> EXERCISE OBJECTIVE: Give again, exactly as written, the lines of the records below from the line with "Шкатулка для украшений" to the line with "4L - ModernLuxe". Both end lines count; pictures do not.

> DATA RECORDS:
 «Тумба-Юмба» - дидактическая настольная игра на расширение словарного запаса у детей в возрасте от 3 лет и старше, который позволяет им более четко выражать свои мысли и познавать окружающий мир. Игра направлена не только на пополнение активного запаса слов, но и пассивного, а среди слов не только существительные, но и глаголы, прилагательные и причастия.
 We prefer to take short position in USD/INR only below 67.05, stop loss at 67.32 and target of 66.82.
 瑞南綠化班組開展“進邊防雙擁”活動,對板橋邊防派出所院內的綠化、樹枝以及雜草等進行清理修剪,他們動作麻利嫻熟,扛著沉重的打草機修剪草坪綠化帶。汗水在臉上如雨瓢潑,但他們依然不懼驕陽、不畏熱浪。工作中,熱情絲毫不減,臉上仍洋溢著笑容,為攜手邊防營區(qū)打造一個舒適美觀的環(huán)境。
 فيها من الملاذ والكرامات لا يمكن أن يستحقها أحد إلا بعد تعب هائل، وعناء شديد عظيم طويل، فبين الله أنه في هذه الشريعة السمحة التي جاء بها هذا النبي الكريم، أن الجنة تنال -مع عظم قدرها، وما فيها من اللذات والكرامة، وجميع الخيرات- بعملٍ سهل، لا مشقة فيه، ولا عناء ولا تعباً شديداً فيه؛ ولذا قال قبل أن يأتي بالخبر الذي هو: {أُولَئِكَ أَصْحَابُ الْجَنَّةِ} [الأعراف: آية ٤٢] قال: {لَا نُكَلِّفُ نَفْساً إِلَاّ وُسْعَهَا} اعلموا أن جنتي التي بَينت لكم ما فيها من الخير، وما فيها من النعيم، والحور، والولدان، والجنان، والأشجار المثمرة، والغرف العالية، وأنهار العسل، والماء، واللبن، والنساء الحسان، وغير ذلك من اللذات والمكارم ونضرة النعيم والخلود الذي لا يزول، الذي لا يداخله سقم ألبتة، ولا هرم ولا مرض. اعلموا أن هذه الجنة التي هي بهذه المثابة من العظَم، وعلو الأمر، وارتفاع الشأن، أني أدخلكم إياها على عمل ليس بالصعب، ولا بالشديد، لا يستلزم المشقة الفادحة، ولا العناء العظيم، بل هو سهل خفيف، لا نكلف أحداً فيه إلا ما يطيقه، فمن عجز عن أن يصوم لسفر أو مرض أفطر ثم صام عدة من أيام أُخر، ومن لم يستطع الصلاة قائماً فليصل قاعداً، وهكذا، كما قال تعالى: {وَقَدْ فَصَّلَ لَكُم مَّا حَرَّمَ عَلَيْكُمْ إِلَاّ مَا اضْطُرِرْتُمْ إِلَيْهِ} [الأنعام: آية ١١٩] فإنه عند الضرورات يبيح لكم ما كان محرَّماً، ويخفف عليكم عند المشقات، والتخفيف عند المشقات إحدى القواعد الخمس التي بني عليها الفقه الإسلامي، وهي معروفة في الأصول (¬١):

--

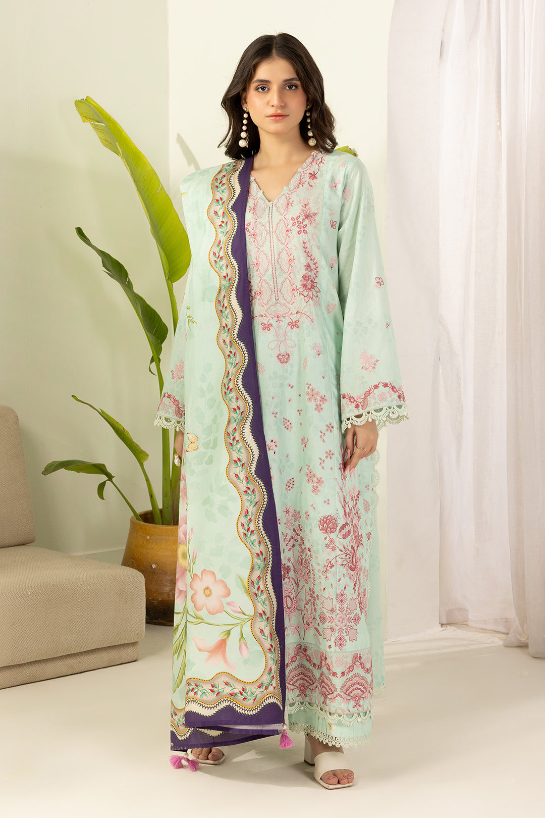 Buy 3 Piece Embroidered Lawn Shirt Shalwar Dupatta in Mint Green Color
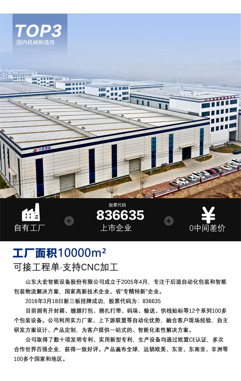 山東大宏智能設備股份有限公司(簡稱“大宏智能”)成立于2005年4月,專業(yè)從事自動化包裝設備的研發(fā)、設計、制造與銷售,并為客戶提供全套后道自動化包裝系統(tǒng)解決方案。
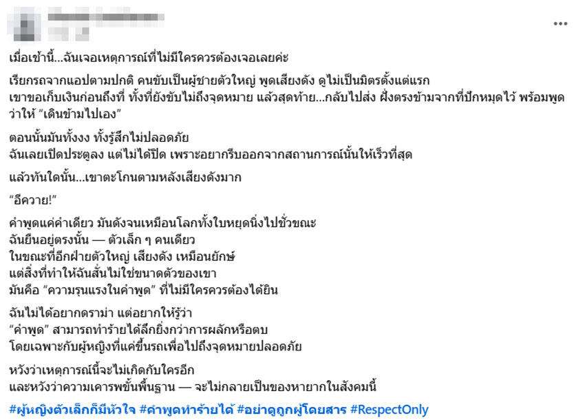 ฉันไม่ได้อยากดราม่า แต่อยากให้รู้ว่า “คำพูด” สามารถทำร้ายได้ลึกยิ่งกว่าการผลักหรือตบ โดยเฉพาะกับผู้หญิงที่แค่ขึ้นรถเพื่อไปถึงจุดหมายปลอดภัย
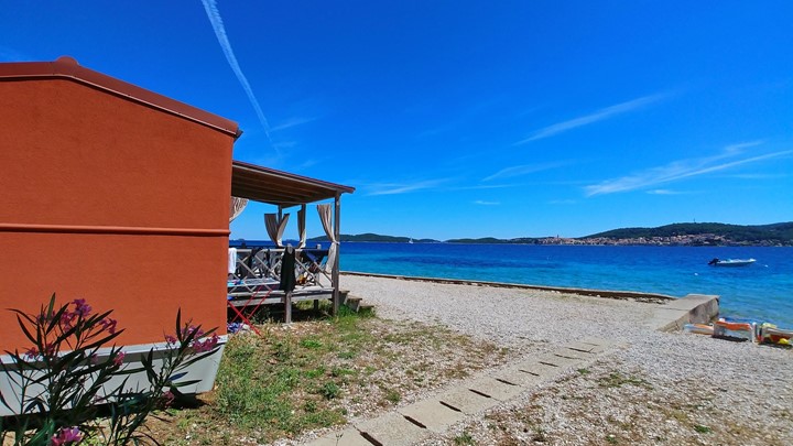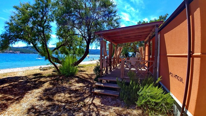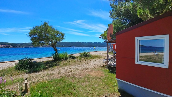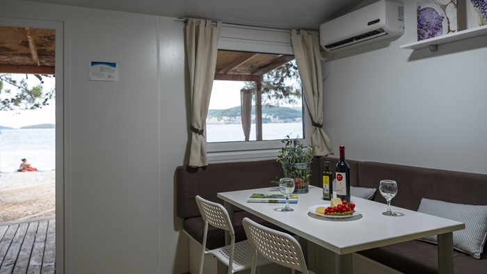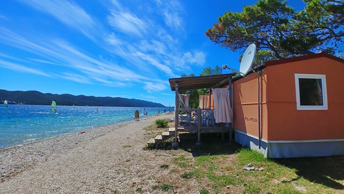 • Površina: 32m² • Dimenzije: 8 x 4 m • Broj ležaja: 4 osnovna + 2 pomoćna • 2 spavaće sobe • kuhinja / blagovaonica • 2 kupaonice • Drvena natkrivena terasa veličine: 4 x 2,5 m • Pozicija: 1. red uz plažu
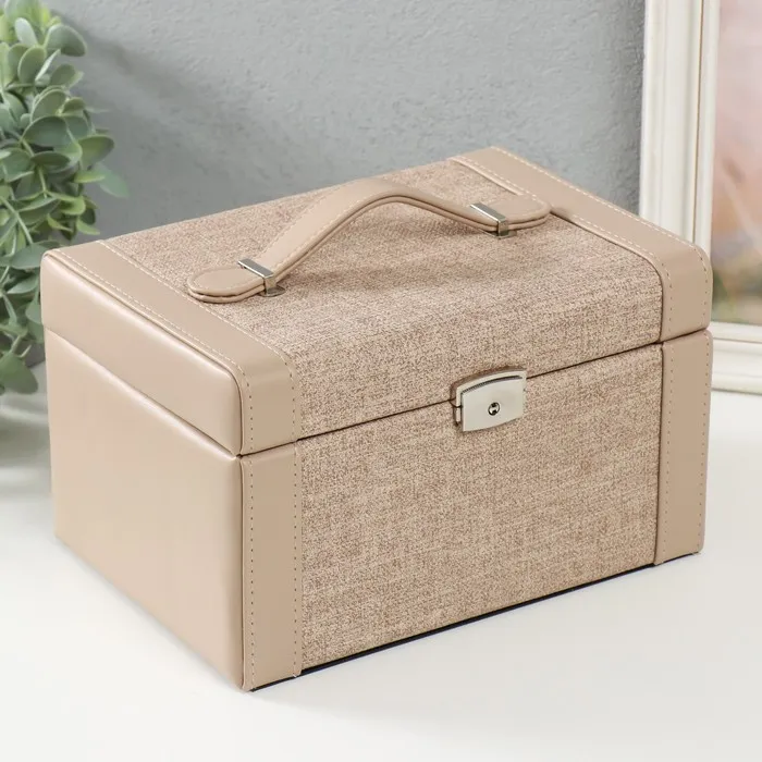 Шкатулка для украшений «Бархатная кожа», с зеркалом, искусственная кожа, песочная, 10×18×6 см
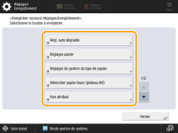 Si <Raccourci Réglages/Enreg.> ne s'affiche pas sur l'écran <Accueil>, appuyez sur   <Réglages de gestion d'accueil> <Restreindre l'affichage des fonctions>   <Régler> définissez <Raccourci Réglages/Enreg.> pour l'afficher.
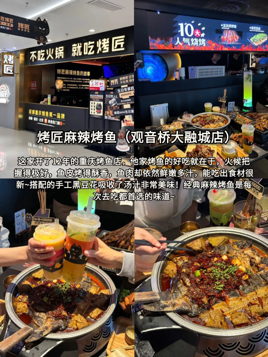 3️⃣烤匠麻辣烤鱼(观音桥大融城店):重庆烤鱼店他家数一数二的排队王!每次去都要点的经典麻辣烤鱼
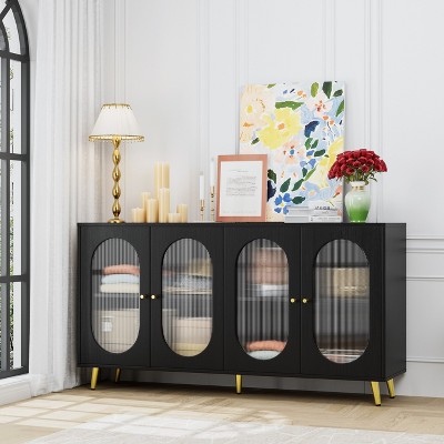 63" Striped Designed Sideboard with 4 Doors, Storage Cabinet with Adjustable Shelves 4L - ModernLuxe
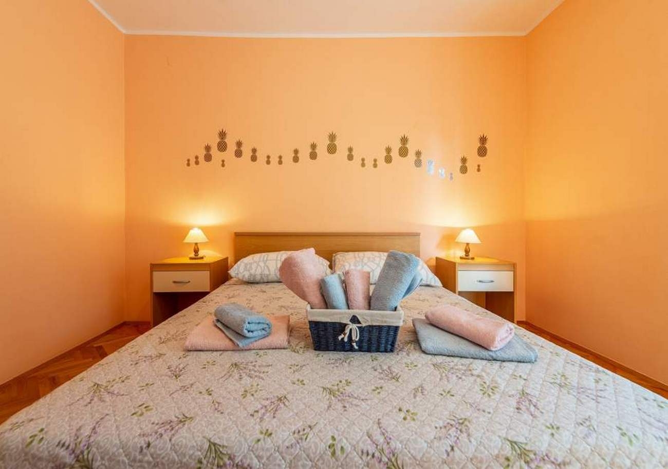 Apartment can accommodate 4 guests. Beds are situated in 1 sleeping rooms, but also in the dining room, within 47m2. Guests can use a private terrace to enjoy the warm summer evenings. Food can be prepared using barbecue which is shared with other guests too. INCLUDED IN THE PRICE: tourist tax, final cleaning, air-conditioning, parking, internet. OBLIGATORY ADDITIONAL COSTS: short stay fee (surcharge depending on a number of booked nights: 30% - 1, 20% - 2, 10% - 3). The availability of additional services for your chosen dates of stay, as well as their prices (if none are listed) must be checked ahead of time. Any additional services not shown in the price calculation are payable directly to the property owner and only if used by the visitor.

> EXERCISE SOLUTION:
 Шкатулка для украшений «Бархатная кожа», с зеркалом, искусственная кожа, песочная, 10×18×6 см
 Si <Raccourci Réglages/Enreg.> ne s'affiche pas sur l'écran <Accueil>, appuyez sur   <Réglages de gestion d'accueil> <Restreindre l'affichage des fonctions>   <Régler> définissez <Raccourci Réglages/Enreg.> pour l'afficher.
 3️⃣烤匠麻辣烤鱼(观音桥大融城店):重庆烤鱼店他家数一数二的排队王!每次去都要点的经典麻辣烤鱼
 63" Striped Designed Sideboard with 4 Doors, Storage Cabinet with Adjustable Shelves 4L - ModernLuxe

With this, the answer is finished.